Он был типичным американцем и все воспринимал в сравнении. Как-то однажды наш старенький бассет Хуго, толстенный пес, чья неподвижность находилась в прямой зависимости от его размеров, с важным видом поднялся после сна и неожиданно напал на тряпичную куклу, начав подбрасывать ее в воздух, угрожающе рыча и терзая снова и снова, а потом опять улегся в своей обычной позе, прикрыв ухом глаза. Отец недоуменно наблюдал за взрывом этой необычной подвижности, а затем произнес: «Ну что ж… каждому надо хоть над кем-то главенствовать». Последние годы отец провел на веранде дома престарелых в Лонг-Айленде. Он сидел в белом парусиновом картузе, пристально глядя в море, и время от времени что-то бормотал. «Знаешь, иногда я вижу там вдалеке точку, она становится все больше, больше, пока не превратится в корабль». Я объяснил ему, что земля круглая, и рассказал все, что знал об этом. За восемьдесят лет у него не было времени посидеть и посмотреть на море, на него работали сотни людей, он пошил десятки тысяч плащей и разослал их по городам и весям Соединенных Штатов, а теперь наконец сидел и смотрел на море и говорил с радостным удивлением, восклицая: «Подумать только, она круглая!»

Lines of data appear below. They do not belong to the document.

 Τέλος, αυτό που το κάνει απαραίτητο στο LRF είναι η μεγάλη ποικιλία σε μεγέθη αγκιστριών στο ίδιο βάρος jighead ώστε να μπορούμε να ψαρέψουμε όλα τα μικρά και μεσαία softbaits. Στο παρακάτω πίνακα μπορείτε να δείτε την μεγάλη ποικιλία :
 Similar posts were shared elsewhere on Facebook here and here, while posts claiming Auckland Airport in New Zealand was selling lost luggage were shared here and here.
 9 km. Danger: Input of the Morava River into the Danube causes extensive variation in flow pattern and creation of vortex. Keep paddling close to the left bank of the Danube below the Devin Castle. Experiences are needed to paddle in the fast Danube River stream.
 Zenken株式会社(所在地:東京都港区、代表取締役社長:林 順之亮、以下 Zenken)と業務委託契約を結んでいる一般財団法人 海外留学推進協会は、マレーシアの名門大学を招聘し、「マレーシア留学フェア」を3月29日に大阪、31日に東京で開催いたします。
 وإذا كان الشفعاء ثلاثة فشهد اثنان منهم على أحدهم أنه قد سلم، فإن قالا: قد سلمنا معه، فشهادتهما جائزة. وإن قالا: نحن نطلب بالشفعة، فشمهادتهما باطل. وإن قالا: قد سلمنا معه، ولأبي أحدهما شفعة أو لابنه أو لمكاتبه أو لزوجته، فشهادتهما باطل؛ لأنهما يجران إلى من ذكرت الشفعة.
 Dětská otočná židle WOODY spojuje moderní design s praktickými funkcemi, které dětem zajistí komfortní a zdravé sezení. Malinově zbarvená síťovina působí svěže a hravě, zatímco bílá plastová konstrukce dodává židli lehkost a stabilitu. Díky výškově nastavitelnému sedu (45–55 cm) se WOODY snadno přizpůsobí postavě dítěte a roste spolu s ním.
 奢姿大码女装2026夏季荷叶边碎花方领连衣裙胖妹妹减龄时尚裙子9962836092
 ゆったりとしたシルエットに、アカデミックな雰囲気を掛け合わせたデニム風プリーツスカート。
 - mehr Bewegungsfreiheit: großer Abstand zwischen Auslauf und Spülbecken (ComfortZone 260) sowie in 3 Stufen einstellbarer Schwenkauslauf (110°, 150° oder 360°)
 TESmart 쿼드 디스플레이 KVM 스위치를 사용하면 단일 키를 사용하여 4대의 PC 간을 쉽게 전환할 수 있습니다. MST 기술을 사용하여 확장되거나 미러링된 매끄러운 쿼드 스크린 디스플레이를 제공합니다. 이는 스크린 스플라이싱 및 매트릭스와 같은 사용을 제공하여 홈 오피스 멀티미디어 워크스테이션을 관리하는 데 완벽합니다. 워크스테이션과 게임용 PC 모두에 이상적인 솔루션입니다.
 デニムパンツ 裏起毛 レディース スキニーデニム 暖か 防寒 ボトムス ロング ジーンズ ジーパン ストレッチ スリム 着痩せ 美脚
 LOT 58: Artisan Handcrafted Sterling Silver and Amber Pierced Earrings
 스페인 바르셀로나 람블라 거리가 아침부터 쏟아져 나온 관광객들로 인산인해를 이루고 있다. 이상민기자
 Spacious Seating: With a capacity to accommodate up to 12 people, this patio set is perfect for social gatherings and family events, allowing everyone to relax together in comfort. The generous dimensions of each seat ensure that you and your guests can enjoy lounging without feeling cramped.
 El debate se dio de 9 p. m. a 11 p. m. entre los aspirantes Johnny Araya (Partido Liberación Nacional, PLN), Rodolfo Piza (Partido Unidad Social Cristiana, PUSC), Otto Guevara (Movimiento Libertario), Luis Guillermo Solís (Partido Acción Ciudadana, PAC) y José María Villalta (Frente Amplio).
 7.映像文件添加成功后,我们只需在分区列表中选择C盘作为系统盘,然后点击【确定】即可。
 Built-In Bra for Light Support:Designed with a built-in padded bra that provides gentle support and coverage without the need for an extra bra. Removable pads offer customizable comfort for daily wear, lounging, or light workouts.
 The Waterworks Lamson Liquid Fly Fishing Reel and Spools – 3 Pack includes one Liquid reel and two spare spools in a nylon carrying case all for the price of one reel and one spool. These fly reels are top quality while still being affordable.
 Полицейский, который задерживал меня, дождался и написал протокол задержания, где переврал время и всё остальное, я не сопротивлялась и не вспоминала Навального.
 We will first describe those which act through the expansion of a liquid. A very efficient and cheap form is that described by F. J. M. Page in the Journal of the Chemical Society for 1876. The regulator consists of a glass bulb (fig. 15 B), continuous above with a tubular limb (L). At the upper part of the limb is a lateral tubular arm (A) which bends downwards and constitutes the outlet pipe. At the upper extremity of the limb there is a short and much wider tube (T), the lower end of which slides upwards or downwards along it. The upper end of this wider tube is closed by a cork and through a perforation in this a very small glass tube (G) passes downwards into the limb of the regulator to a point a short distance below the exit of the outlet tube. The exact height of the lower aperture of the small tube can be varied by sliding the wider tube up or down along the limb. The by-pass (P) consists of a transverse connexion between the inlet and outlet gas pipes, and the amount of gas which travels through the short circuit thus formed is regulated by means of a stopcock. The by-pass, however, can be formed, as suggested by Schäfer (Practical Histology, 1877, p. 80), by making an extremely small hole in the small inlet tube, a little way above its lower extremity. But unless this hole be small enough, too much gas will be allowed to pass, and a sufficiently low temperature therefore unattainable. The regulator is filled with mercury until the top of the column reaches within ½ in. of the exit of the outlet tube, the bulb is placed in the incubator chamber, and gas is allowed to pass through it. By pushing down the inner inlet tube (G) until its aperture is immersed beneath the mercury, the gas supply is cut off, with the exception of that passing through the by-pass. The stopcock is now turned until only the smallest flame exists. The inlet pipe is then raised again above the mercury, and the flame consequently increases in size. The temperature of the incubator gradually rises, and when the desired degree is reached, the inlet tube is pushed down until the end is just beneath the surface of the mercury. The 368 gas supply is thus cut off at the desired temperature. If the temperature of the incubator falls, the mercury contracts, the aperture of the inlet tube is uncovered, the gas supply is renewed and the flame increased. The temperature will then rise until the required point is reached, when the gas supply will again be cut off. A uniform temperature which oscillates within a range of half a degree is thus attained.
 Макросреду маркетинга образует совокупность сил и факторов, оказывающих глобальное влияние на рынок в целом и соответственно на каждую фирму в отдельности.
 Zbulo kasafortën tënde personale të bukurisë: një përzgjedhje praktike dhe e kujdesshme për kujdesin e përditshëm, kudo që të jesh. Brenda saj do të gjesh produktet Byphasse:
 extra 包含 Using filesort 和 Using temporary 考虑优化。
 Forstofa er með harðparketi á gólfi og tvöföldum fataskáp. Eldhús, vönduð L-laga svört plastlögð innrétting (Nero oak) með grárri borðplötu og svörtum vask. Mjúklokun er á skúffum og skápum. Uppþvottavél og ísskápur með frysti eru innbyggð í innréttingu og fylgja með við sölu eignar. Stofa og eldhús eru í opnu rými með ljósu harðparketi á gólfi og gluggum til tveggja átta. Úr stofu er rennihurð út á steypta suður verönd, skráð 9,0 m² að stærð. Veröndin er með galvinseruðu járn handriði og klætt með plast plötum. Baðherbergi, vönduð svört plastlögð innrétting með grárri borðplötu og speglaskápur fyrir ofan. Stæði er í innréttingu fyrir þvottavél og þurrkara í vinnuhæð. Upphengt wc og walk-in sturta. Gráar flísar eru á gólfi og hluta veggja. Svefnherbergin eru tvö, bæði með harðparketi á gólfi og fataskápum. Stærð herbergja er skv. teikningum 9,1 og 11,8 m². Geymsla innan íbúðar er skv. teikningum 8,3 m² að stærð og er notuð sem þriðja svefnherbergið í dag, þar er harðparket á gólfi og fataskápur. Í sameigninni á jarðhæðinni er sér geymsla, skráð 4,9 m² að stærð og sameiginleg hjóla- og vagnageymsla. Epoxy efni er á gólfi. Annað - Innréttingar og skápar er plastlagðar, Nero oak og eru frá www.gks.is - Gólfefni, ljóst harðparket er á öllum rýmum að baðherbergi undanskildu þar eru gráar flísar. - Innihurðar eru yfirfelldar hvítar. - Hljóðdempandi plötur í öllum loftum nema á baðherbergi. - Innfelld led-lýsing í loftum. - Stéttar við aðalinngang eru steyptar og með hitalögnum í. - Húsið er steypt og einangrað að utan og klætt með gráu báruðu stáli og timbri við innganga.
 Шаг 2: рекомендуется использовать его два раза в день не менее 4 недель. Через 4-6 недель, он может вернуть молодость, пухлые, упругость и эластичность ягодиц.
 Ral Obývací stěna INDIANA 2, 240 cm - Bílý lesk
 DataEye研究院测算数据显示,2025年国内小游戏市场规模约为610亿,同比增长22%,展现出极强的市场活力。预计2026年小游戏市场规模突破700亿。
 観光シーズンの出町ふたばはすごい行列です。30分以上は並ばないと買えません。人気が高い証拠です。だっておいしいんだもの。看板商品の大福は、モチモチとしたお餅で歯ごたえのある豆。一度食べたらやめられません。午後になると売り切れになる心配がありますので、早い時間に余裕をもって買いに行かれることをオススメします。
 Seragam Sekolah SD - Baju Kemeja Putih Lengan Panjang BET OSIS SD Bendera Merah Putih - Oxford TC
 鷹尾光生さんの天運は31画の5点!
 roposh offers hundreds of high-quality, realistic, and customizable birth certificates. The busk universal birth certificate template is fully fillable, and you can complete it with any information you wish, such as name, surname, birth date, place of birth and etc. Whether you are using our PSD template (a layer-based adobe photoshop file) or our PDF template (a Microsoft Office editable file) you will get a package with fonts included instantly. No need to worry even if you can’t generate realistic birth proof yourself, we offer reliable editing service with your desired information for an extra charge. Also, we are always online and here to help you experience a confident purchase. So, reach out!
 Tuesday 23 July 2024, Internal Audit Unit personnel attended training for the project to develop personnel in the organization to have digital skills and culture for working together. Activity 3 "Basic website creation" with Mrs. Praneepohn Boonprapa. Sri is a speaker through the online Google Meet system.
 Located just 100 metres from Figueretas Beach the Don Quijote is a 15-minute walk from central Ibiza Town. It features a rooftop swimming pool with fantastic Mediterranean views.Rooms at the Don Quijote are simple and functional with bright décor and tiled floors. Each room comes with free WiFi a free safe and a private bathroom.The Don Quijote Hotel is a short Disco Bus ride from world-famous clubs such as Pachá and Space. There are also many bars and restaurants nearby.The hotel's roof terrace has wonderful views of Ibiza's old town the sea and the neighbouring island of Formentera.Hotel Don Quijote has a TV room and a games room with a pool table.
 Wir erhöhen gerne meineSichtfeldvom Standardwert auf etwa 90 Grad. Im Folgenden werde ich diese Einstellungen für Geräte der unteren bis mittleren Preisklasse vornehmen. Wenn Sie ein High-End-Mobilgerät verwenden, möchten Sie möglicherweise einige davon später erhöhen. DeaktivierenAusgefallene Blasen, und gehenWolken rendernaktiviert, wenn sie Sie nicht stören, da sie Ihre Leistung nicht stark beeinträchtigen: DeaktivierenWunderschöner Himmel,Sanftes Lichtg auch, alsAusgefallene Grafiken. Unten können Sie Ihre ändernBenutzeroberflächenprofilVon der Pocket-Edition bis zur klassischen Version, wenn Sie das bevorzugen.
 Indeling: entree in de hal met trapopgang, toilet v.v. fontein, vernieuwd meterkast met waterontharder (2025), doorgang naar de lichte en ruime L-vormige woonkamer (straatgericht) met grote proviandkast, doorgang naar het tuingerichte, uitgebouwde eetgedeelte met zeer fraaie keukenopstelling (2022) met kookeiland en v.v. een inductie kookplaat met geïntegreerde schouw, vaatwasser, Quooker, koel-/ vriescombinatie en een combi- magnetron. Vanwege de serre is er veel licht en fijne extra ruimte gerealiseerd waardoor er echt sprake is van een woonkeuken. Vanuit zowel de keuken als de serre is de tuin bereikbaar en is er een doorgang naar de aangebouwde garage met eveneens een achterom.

Он умер в тот день, когда я должен был произносить речь на открытии в 1966 году нью-йоркского Конгресса ПЕНа. Мама умерла за пять лет до этого, и я не испытал ничего, кроме глубокой грусти, когда, взглянув на нее в гробу, неожиданно услышал голос раввина Миллера — он не был нам родственником, этот старый согбенный человек, которого я помнил еще с дней юности, но не видел уже лет двадцать с чьих-то последних похорон, — и удивился безыскусной простоте и проникновенности его голоса, тому чуть ли не жизнерадостному спокойствию, с которым он в глубокой серьезности провожал ее в последний путь. Неожиданно слезы набежали на глаза, когда я представил ее в этом гробу молодой женщиной, — жизнь, прожитая в ожидании, с гордостью за своих детей, но только не за себя. Я пожалел, что не позволял себе более открыто выражать ей свою любовь, ибо знал, что был воплощением ее несбывшихся амбиций, и это пресекало любое непосредственное выражение чувств. Наши отношения остались незавершенными, ее смерть наступила слишком рано.